Leon Trotsky

The Soviet Union & the 4th International

The Class Nature of the Soviet State

(October 1933)


Written: 1 October 1933.
Source: The Militant, Vol. VII No. 1, 4 January 1934, pp. 1 & 2.
Transcription/HTML Markup: Einde O’Callaghan for the Trotsky Internet Archive.
Copyleft: Leon Trotsky Internet Archive (www.marxists.org) 2016. Permission is granted to copy and/or distribute this document under the terms of the Creative Commons Attribution-ShareAlike 2.0.



How the Question is Posed

The break with the Communist International and the orientation toward the New International have posed anew the question of the social character of the U.S.S.R. Doesn’t the collapse of the Communist International also mean at the same time the collapse of that state which emerged from the October Revolution? Here, indeed, in both instance one and the same ruling organization is concerned: the Stalinist apparatus. It had applied identical methods within the U.S.S.R. as in the international arena. We, Marxists, were never patrons of the double bookkeeping system of the Brandlerites according to which the policies of the Stalinists are impeccable in the U.S.S.R. but ruinous outside the boundaries of U.S.S.R. [1] It is our conviction that they are equally ruinous in both instances. If so, isn’t it then necessary to recognize the simultaneous collapse of the Communist International and the liquidation of the proletarian dictatorship in the U.S.S.R.?
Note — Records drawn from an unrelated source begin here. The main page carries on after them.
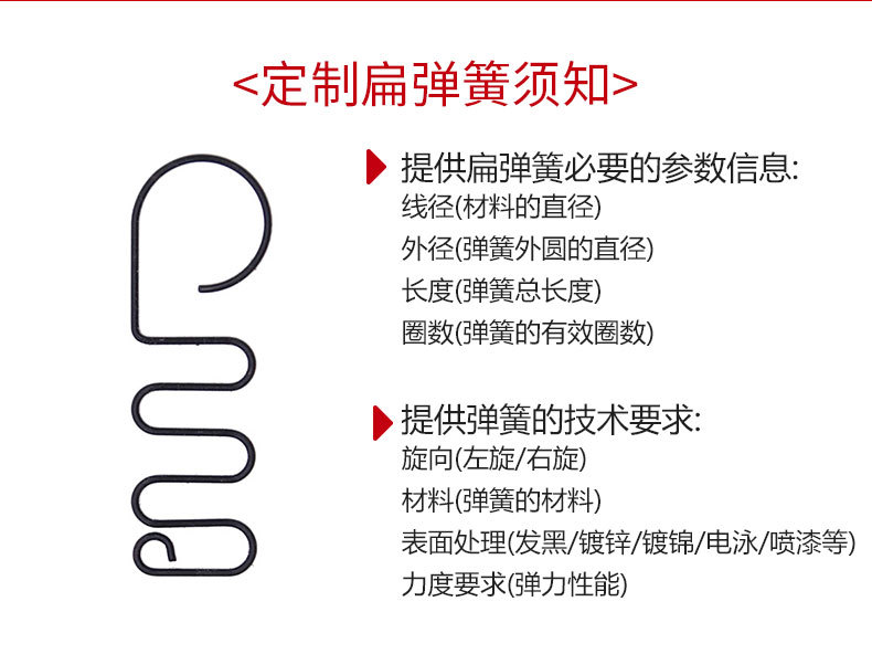 公司生产的弹簧分类有压缩弹簧(普通压缩弹簧,中凹压缩弹簧,中凸压缩弹簧,塔型压缩弹簧,渐近压缩弹簧,左旋压缩弹簧,右旋压缩弹簧)、扭转弹簧(普通扭转弹簧,双扭转弹簧,异形扭转弹簧,左旋扭转弹簧,右旋扭转弹簧)、拉伸弹簧(普通拉伸弹簧,单钩拉伸弹簧,双钩拉伸弹簧,挂钩拉伸弹簧,拉环拉伸弹簧,非密圈拉伸弹簧,左旋拉伸弹簧,右旋拉伸弹簧)、异形弹簧、涡卷弹簧、卡簧挡圈、波形弹簧、碟形弹簧、冲压件等弹性元件。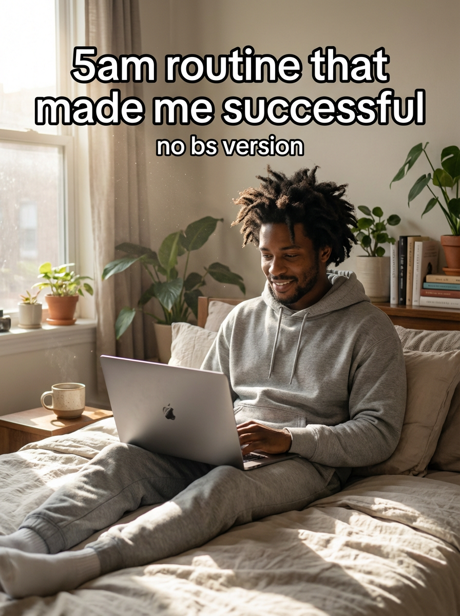 model in comfortable loungewear sitting on unmade bed with laptop, messy hair, coffee cup nearby, morning sunlight, cozy bedroom aesthetic. TikTok-style text overlay with white text with black outline: "5am routine that made me successful" smaller text: "(no bs version)", do not show tiktok interface or logo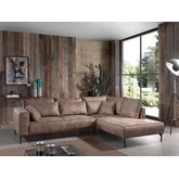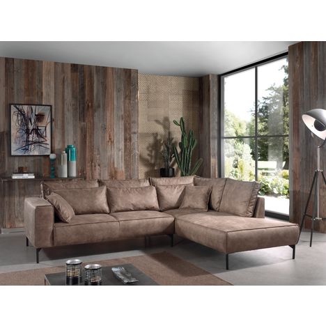 Le style vintage est mis en avant avec ce splendide canapé d'angle droit ! Son coloris marron vieilli est original et ses pieds en métal design lui donne un aspect très contemporain. Ne lésinant pas sur le confort, il offre 4 bonnes places.

At first sight such reasoning appears to be irrefutable. But it is erroneous. While the methods of the Stalinist bureaucracy are homogeneous in all spheres, the objective results of these methods depend upon external conditions, or to use the language of mechanics, the resistivity of the material. The Communist International represented an instrument that was intended for the overthrow of the capitalist system and the establishment of the dictatorship of the proletariat. The Soviet government represents an instrument for the preservation of conquests of an already accomplished overturn. The Communist parties of the West have no inherited capital. Their strength (in reality, their weakness) lies within themselves and only within themselves. Nine-tenths of the strength of the Stalinist apparatus lies not in itself but in the social changes wrought by the victorious revolution. Still, this consideration alone does not decide the question: but it does bear a great methodological significance. It shows us how and why the Stalinist apparatus could completely squander its meaning as the international revolutionary factor, and yet preserve a part of its progressive meaning as the gate-keeper of the social conquests of the proletarian revolution. This dual position – we may add – represents in itself one of the manifestations of the unevenness of historical development.
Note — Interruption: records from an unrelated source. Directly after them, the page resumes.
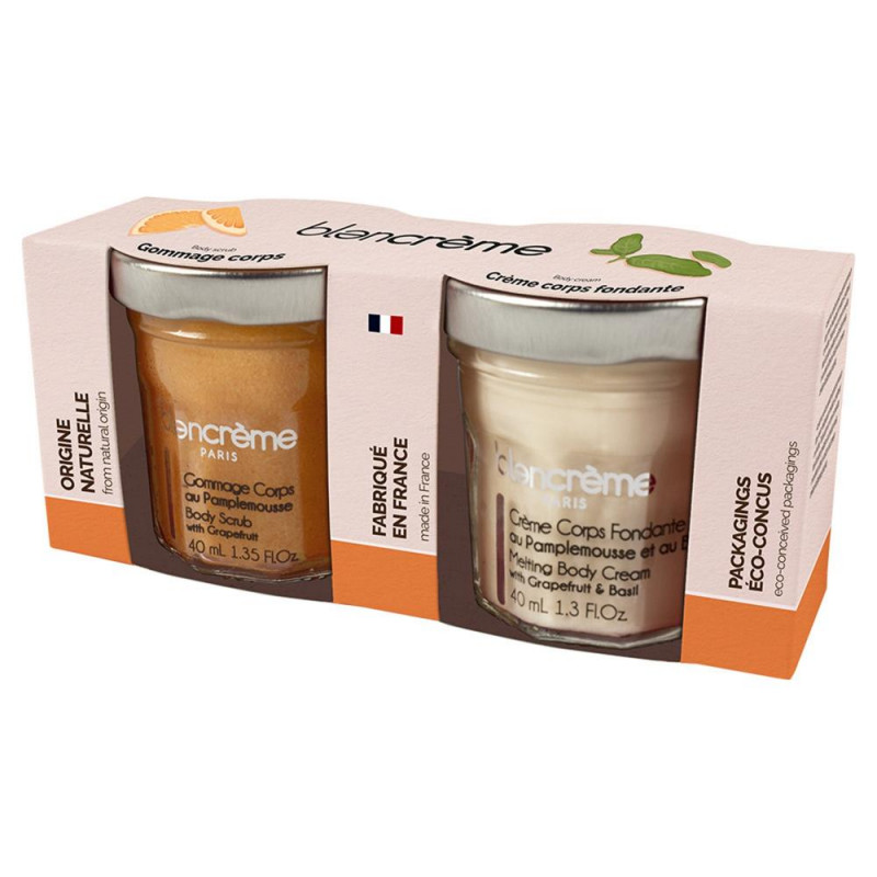 Il duo perfetto per scoprire i nostri trattamenti corpo al pompelmo e basilico: uno scrub corpo e una crema corpo in formato da viaggio 40 ml. Lo scrub al granito, con polvere di buccia di pompelmo e olio essenziale di basilico, esfolia e affina la grana della pelle. La crema corpo, arricchita con estratto di pompelmo e olio essenziale di basilico, idrata e nutre. La pelle è morbida e fresca.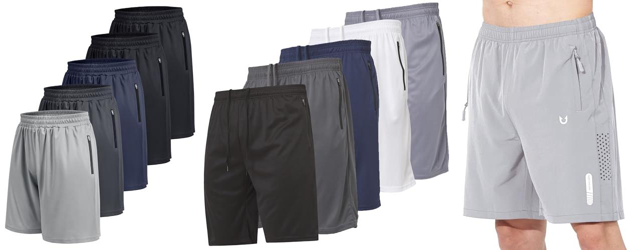 1. BOOJO 5 Pack Athletic Basketball Mens Shorts with Zipper Pockets – Lightweight Quick Dry Gym Workout Running Shorts for Men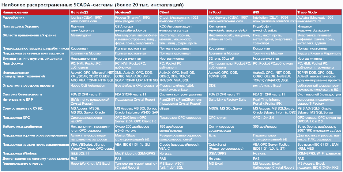 Наиболее распространенные SCADA cистемы (более 20 тыс. инсталляций)

The correct policies of a workers’ state are not reducible solely to national economic construction. If the revolution does not expand on the international arena along the proletarian spiral, it must immutably begin to contract along the bureaucratic spiral within the national framework. If the dictatorship of the proletariat does not become European and world-wide, it must head towards its own collapse. All this is entirely incontestable on a wide historical perspective. But everything revolves around the concrete historical periods. Can one say that the policies of the Stalinist bureaucracy have led already to the liquidation of the workers’ state? That is the question now.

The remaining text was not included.